How often do the highest compliments we can think to give poets and authors liken their writing to speech? Phrases like, ‘This writer has found his voice,’ or, ‘That writer speaks to me,’ have been so blunted by overuse that it is very easy not to notice the assumption they are predicated on: that the spoken word is more compelling than the written one. I think this is because we associate speech with performance, with joke telling, story telling, drama and mimicry. All of these activities demand our attention in a more immediate way than words on a page ever could, even though they may not necessarily entertain us more when they have it.

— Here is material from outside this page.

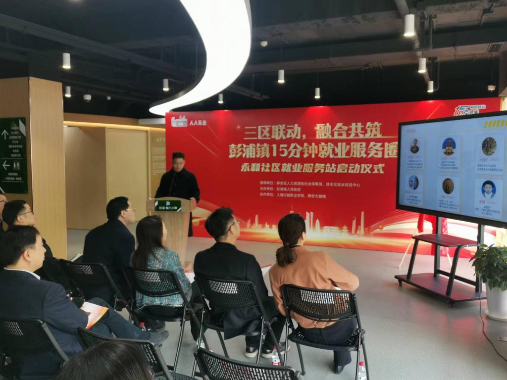 彭浦镇党委副书记、镇长何涛为本次活动致辞,提出了全面服务区域青年就业的要求,并与我校校长黄群、光大安石商业事业部上海区域总经理翟云渊共同签署“三区联动”彭浦镇15分钟就业服务圈合作协议。相关区、镇领导为彭浦镇永和社区就业服务站揭牌。

In A Short Introduction to English Poetry, James Fenton wrote, “Some decades
ago, it was considered bad form, in the world of poetry readings, 
to do anything that smacked of performance. That poets had once performed their works, chanting them in a manner which approached the bardic, was held against them. It was showing off. It was inauthentic.” Yet James Fenton is the poet as performer par excellence; in his work he reconciles poetry to song, the cousin from which it had grown so estranged by the middle of the twentieth century. In the manner of Byron via Auden, he writes for the ear more than for the eye, yoking together the most improbable rhymes for the sake of rhythm.

His poem ‘In Paris with You’, which has received the dubious honour of enshrinement within the AQA GCSE anthology, rhymes ‘Champs Elysees’ with ‘sleazy’, ‘wounded’ with ‘maroonded’, ‘embarrassing you’ with ‘In Paris with You’. The anarchic playfulness with sound on display in this poem does away with sense altogether in others. Take a look at ‘Here Come the Drum Majorettes’. “It’s the same chalk on the blackboard!/ It’s the same cheese on the sideboard! It’s the same cat on the boardwalk! It’s the same broad on the catwalk!”

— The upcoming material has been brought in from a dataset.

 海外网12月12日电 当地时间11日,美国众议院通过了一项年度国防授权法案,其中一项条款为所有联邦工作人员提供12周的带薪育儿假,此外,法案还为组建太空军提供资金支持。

This is the kind of poem which should be in GCSE anthologies, because it cajoles us into doing away with all those sanctimonious assumptions about poetry which school burdens us with: that is has to mean something, that it has to have themes! On the contrary, when did anyone demand the same of music? Breaking Fenton’s poems down into tricks and devices only does so much. It only explains how they are so enjoyable, not why. They demand we acknowledge that, like good music, there is something inexplicably, senselessly pleasurable about the way they sound.